Print the data below verbatim, minus images.

> [LISTED ENTRIES]

▼

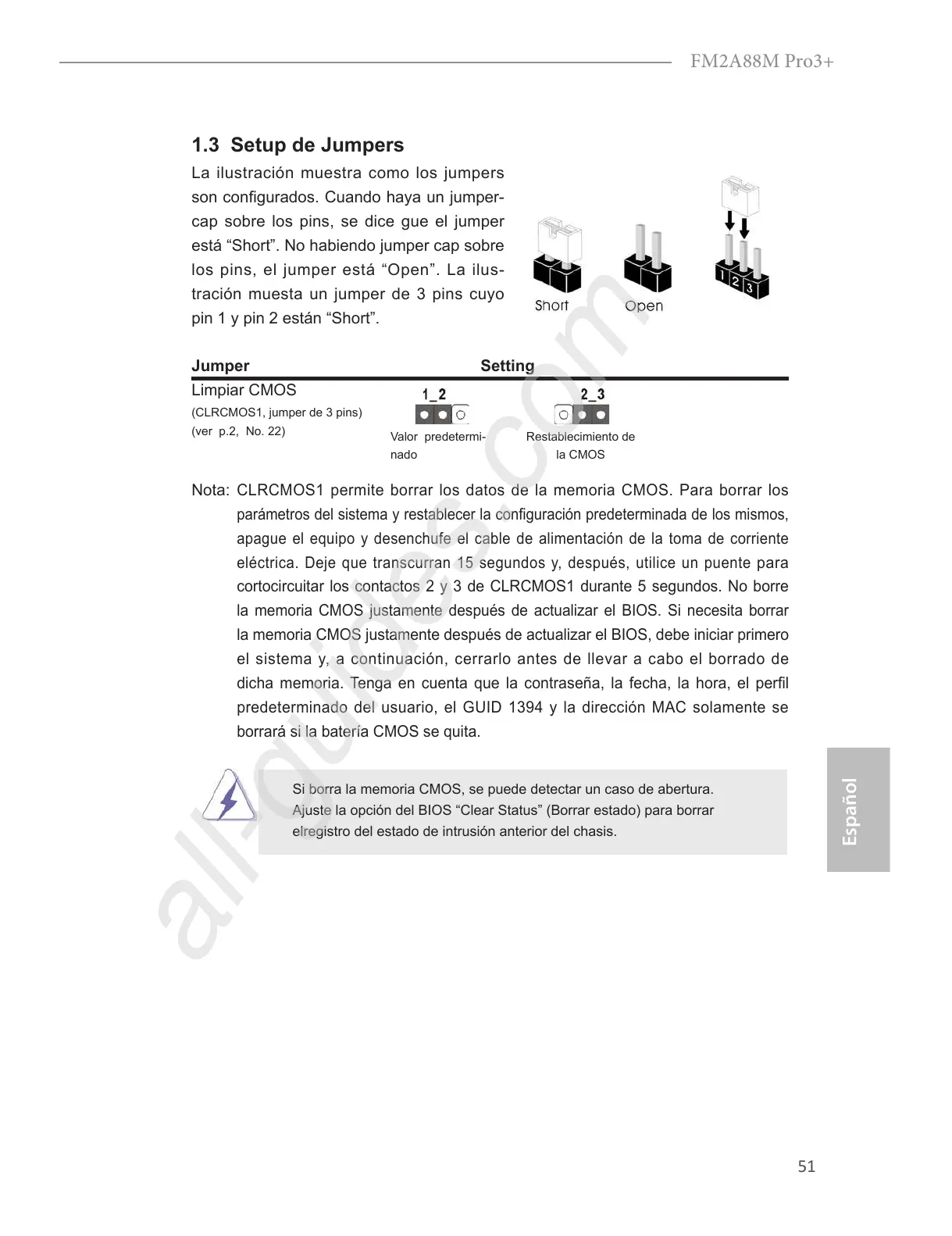 cortocircuitar los contactos 2 y 3 de CLRCMOS1 durante 5 segundos. No borre
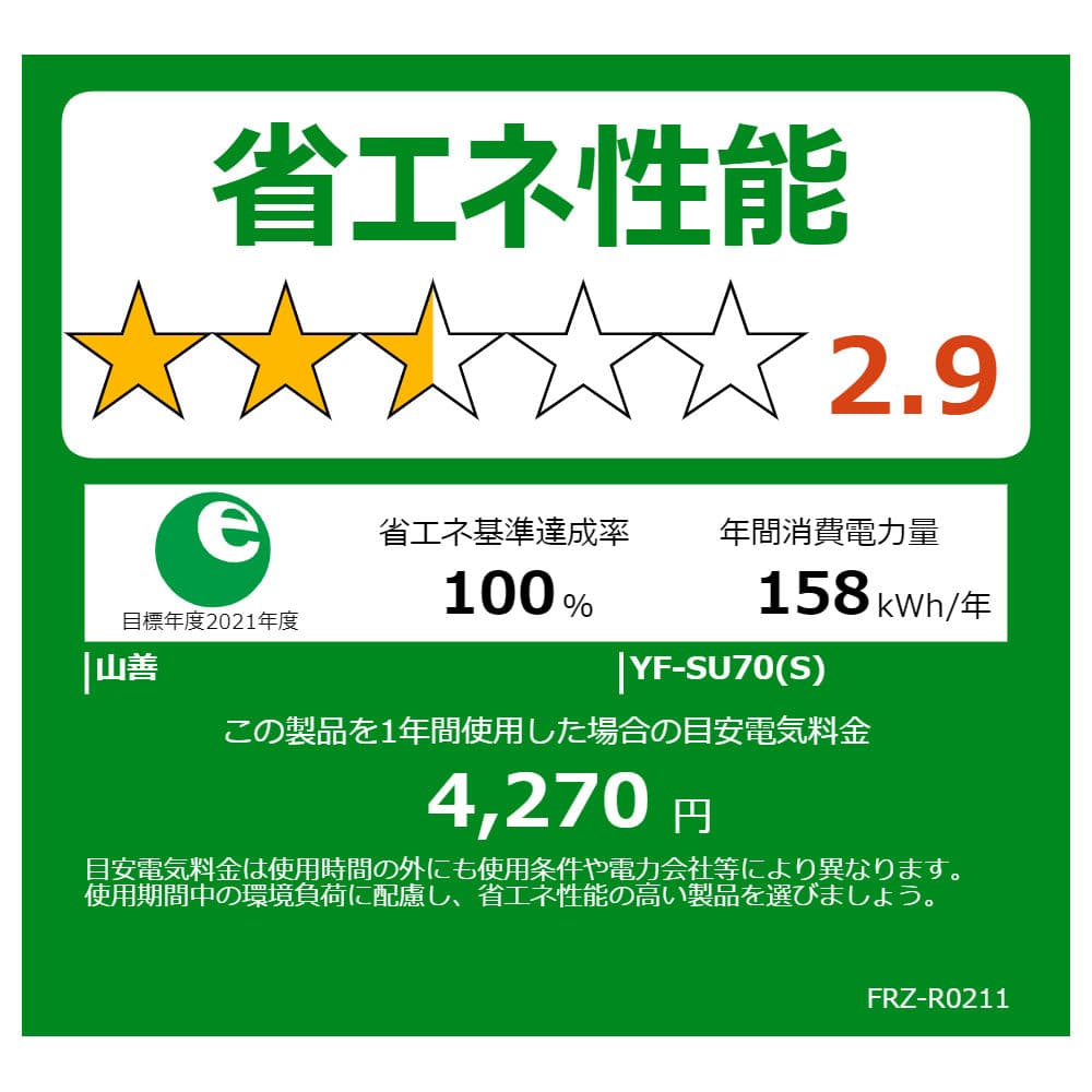 ・電源:AC100V(50/60Hz) ・年間消費電力量(50/60Hz):158kwh/年 ・定格内容積:70L ・運転音:35dB静音設計 ・省エネ達成率:100% ・キャスター付きで移動も楽々 ・3段引き出しタイプ ・R600ノンフロン設計 ・冷凍室のスペースのお悩みを解決 ・電源コードの長さ:約1.8m
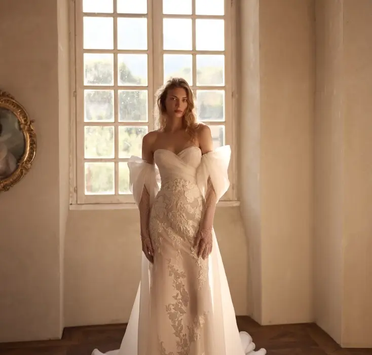 A mermaid silhouette gown in ivory – an elegant combination of elegance, lightness, and modern sensuality. The semi-sheer corset with a sweetheart neckline gently emphasizes the décolletage line. Draping of light organza envelops the bodice, creating a sense of airiness, while exquisite lace appliqués descending from the corset train onto the skirt create a smooth, harmonious transition. The corset back fastens with hook-and-eye extenders, maintaining perfect fit and refinement from any angle.
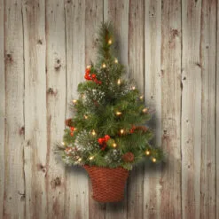 Christmas Central 3′ Pre-Lit Crestwood Spruce Artificial Christmas Half Tree, White LED Lights
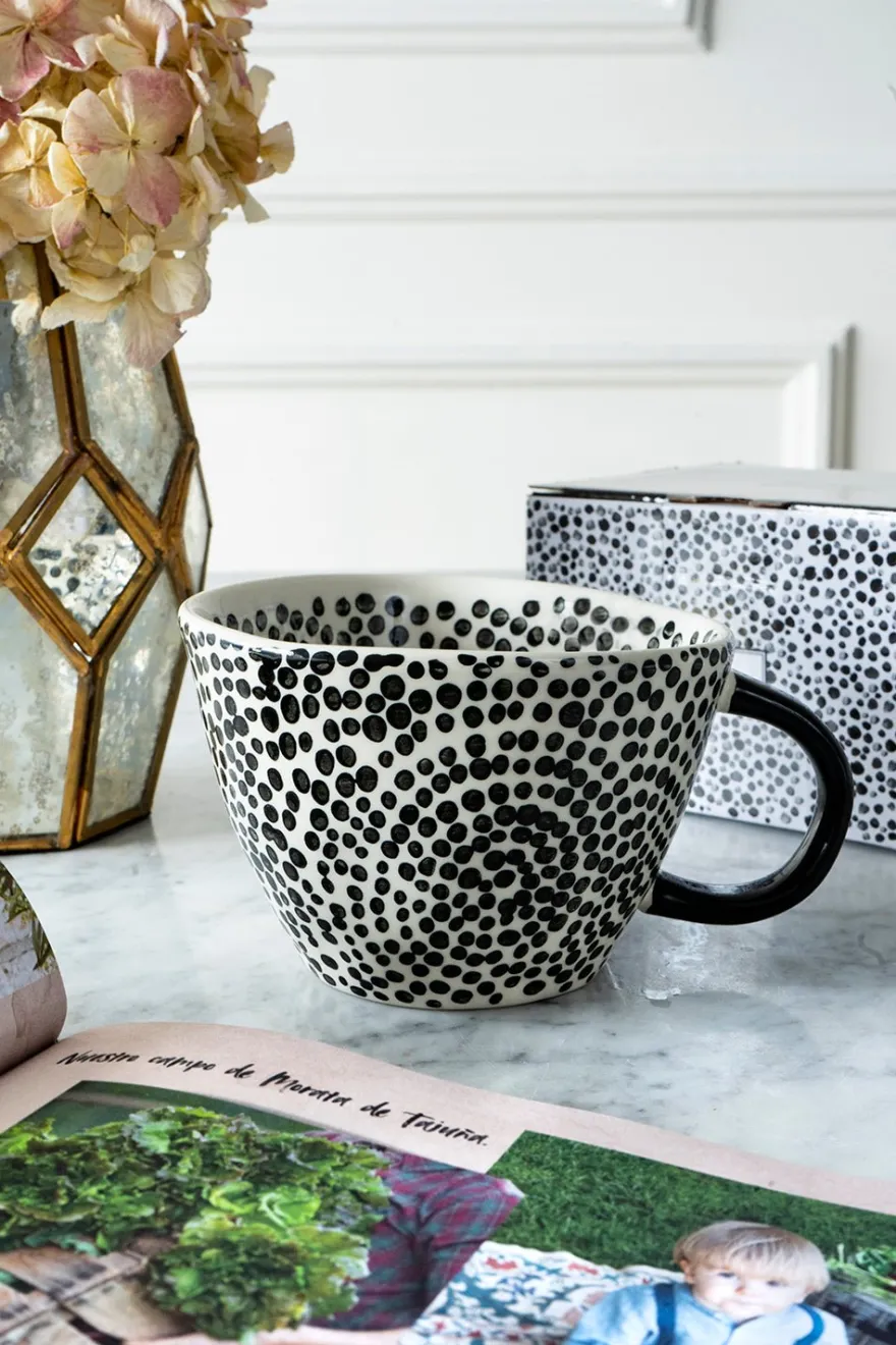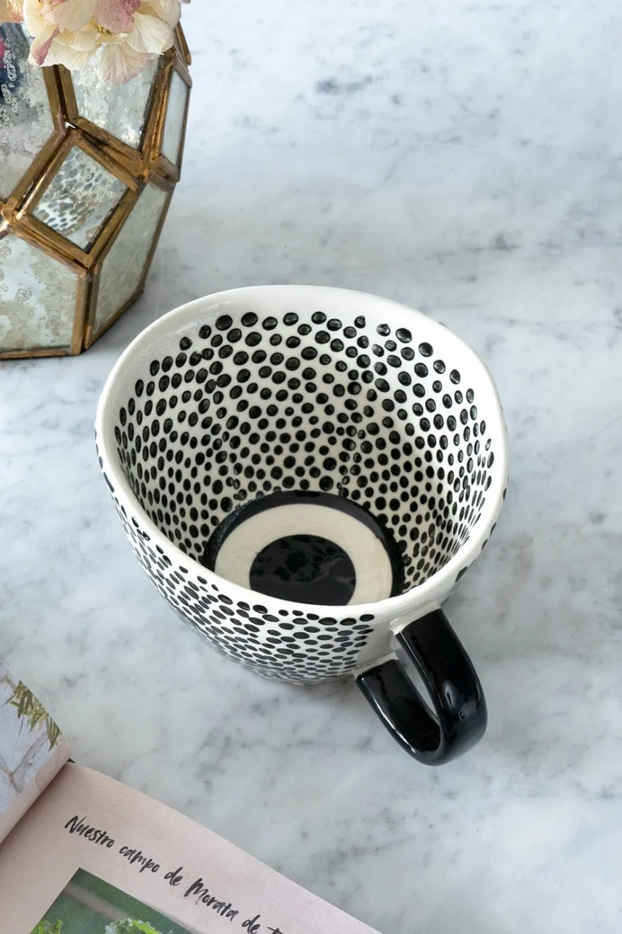 Mug de New Bone China en color blanca con puntos en color negro, su diseño es ligeramente irregular con estilo artesanal.
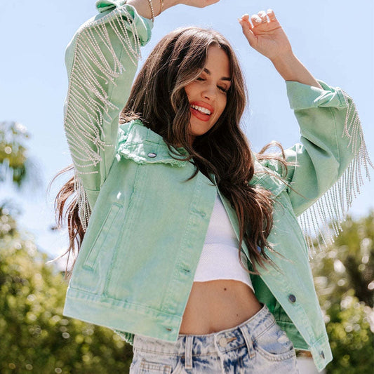 Damjacka LĂ„nga Ărmar Fransar Denim för Damer
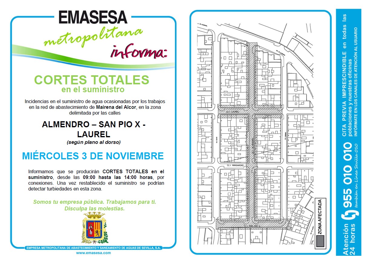 Emasesa Metropolitana informa que por trabajos en la red de abastecimiento, el miércoles día 3 de noviembre, de 9 a 14 horas, se producirán cortes totales en el suministro de agua en la zona comprendida por las calles Almendro, San Pío y Laurel.

▲

> [EXERCISE ANSWER]
 cortocircuitar los contactos 2 y 3 de CLRCMOS1 durante 5 segundos. No borre
 ・電源:AC100V(50/60Hz) ・年間消費電力量(50/60Hz):158kwh/年 ・定格内容積:70L ・運転音:35dB静音設計 ・省エネ達成率:100% ・キャスター付きで移動も楽々 ・3段引き出しタイプ ・R600ノンフロン設計 ・冷凍室のスペースのお悩みを解決 ・電源コードの長さ:約1.8m
 A mermaid silhouette gown in ivory – an elegant combination of elegance, lightness, and modern sensuality. The semi-sheer corset with a sweetheart neckline gently emphasizes the décolletage line. Draping of light organza envelops the bodice, creating a sense of airiness, while exquisite lace appliqués descending from the corset train onto the skirt create a smooth, harmonious transition. The corset back fastens with hook-and-eye extenders, maintaining perfect fit and refinement from any angle.
 Christmas Central 3′ Pre-Lit Crestwood Spruce Artificial Christmas Half Tree, White LED Lights
 Mug de New Bone China en color blanca con puntos en color negro, su diseño es ligeramente irregular con estilo artesanal.
 Damjacka LĂ„nga Ărmar Fransar Denim för Damer
 Emasesa Metropolitana informa que por trabajos en la red de abastecimiento, el miércoles día 3 de noviembre, de 9 a 14 horas, se producirán cortes totales en el suministro de agua en la zona comprendida por las calles Almendro, San Pío y Laurel.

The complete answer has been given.